- Yield spread to Italian securities narrows before Dec. 20 vote
- Campaign polls signal possible PP coalition with Ciudadanos
Jitters that investors may feel just four days before national elections in Spain are absent from the government-bond market.
Spain’s sovereign securities held a two-day gain, tracking movements in their Italian counterparts for a third day. In the past month leading up to the Dec. 20 vote, the extra yield investors demanded to hold Spanish 10-year debt compared with similar-maturity Italian bonds has narrowed -- indicating relative calm.
In Spain, where the economy is growing at close to pre-crisis levels, the two traditional parties that have led governments in the last three decades face their strongest challenge yet from two newer formations. Surveys point to a possible coalition between the ruling People’s Party and newcomers Ciudadanos, who are frequently described as centrists.
“If you look at 10-year yield spreads, Spain-Italy have compressed,” said Martin van Vliet, senior interest-rate strategist at ING Groep NV in Amsterdam. “I think the markets are moving to an outcome where you might see a PP-Ciudadanos majority, which is quite a stable government.”
Yields on Spain’s 10-year government bonds were little changed at 1.77 percent as of 4:06 p.m. in London.

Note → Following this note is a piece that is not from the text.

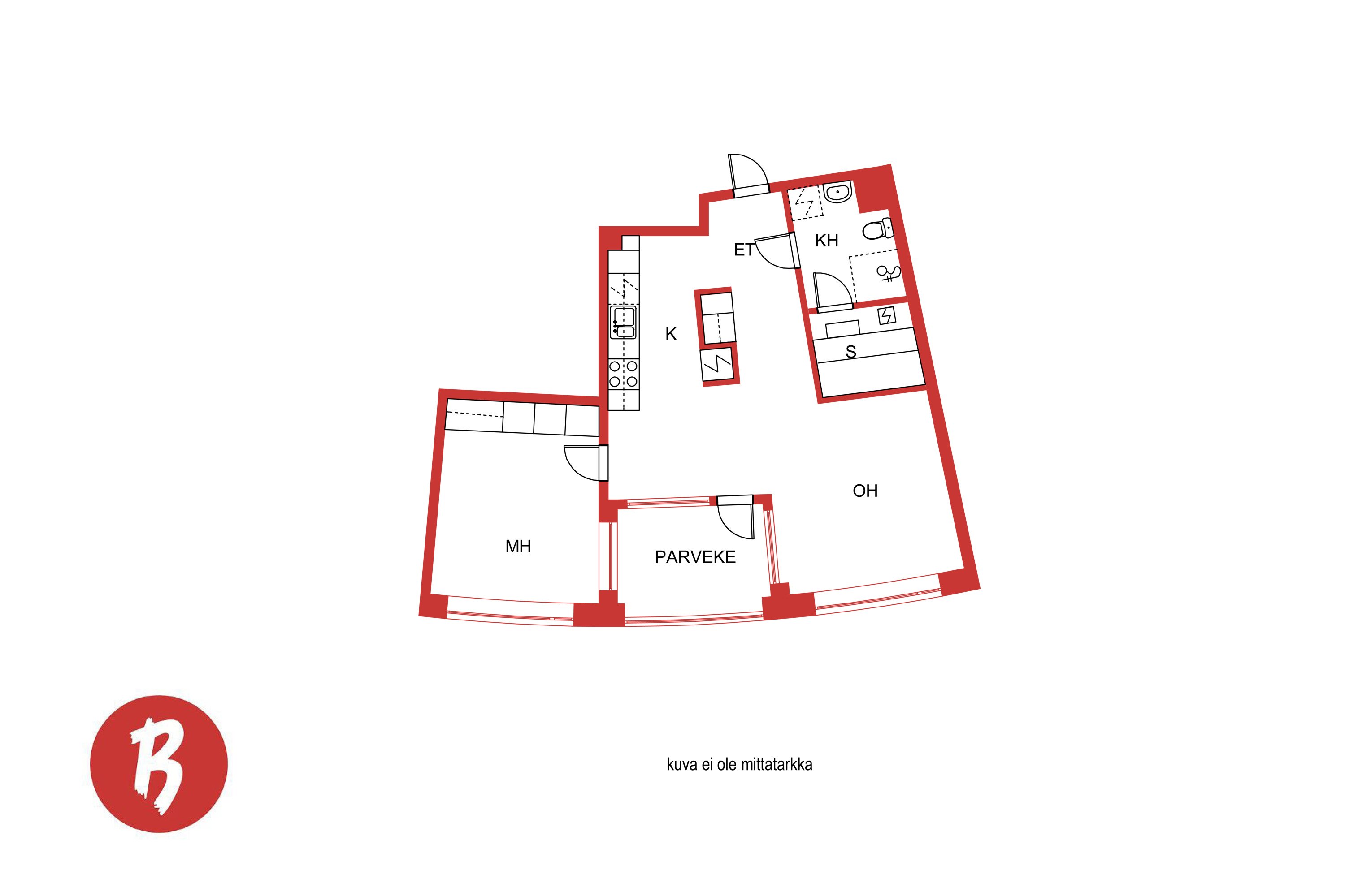 Huoneiston viherhuone/parveke ei sisälly yhtiöjärjestykseen merkittyyn pinta-alaan.

That’s seven basis points, or 0.07 percentage point, more than similar-maturity Italian debt. The gap was as wide as 23 basis points in mid-November, based on closing prices. The yield difference had shrunk to five basis points on Dec. 8, the narrowest since July.
ING’s van Vliet said the spread could “inch back to the five basis-point level we saw last week, which is a big compression from the around 20 basis points” in November.
Spanish sovereign bonds returned 1.5 percent this year through Tuesday, while Italy’s earned 4.3 percent and holders of Portuguese securities received 3.3 percent, according to Bloomberg World Bond Indexes.